## EXERCISE
Give the data below again exactly as written, without its pictures.

## GIVEN MATERIAL
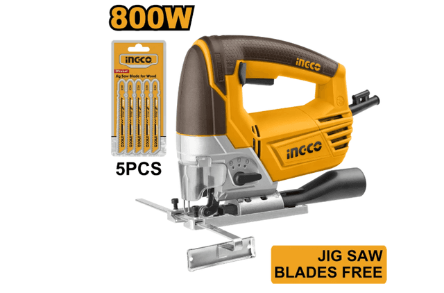 INGCO JS80028 INDUSTRIAL — agaç, polimer we metal materiallary göni we egriçiziikli kesmek üçin niýetlenen elektrikli lobzik. Käbir häsiýetnamalary: Güýji: 800 Wt; Naprýajeniýesi: 220–240 V, 50/60 Gs; Boş durşundaky ýygylygy: 800–3000 aýlaw/min; Agaç üçin maksimal kesiş galyňlygy: 100 mm; Metal üçin maksimal kesiş galyňlygy: 10 mm; Alýumin üçin maksimal kesiş galyňlygy: 12 mm; Byçgynyň gidişi: 23 mm; Podoşwanyň gyşaryş sazlamasy: 0–45°; Aýlawlaryň elektrik sazlamasy: 6 rejim; Alýuminden guýlan podoşwa;
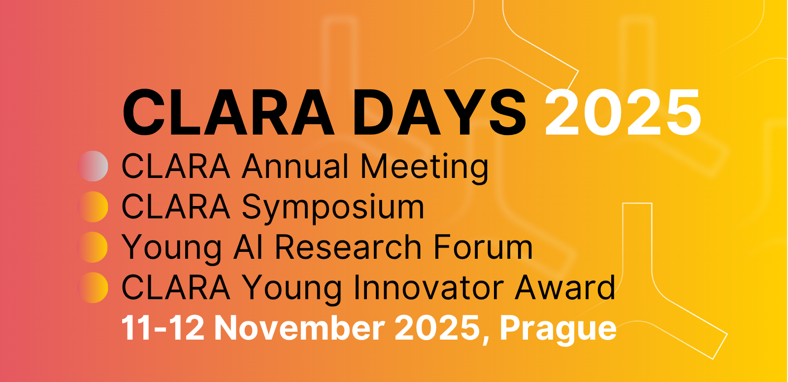 CLARA Days is CLARA's contribution to the nationwide AI Days 2025 (www.dny.ai), a Czech Republic-wide initiative aimed at broadening awareness of AI across academia, business, civil society, and the general public. With the invited participation of an academic and student delegation from Lviv, Ukraine, CLARA Days will also strengthen international collaboration and capacity building.
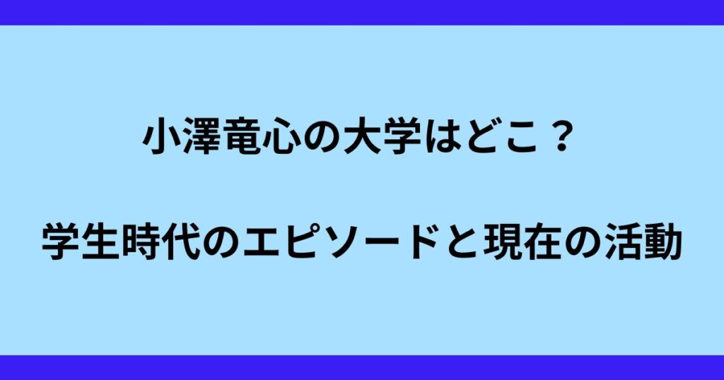 小澤竜心の大学はどこ?学生時代のエピソードと現在の活動を徹底調査!

## PROBLEM SOLUTION
 INGCO JS80028 INDUSTRIAL — agaç, polimer we metal materiallary göni we egriçiziikli kesmek üçin niýetlenen elektrikli lobzik. Käbir häsiýetnamalary: Güýji: 800 Wt; Naprýajeniýesi: 220–240 V, 50/60 Gs; Boş durşundaky ýygylygy: 800–3000 aýlaw/min; Agaç üçin maksimal kesiş galyňlygy: 100 mm; Metal üçin maksimal kesiş galyňlygy: 10 mm; Alýumin üçin maksimal kesiş galyňlygy: 12 mm; Byçgynyň gidişi: 23 mm; Podoşwanyň gyşaryş sazlamasy: 0–45°; Aýlawlaryň elektrik sazlamasy: 6 rejim; Alýuminden guýlan podoşwa;
 CLARA Days is CLARA's contribution to the nationwide AI Days 2025 (www.dny.ai), a Czech Republic-wide initiative aimed at broadening awareness of AI across academia, business, civil society, and the general public. With the invited participation of an academic and student delegation from Lviv, Ukraine, CLARA Days will also strengthen international collaboration and capacity building.
 小澤竜心の大学はどこ?学生時代のエピソードと現在の活動を徹底調査!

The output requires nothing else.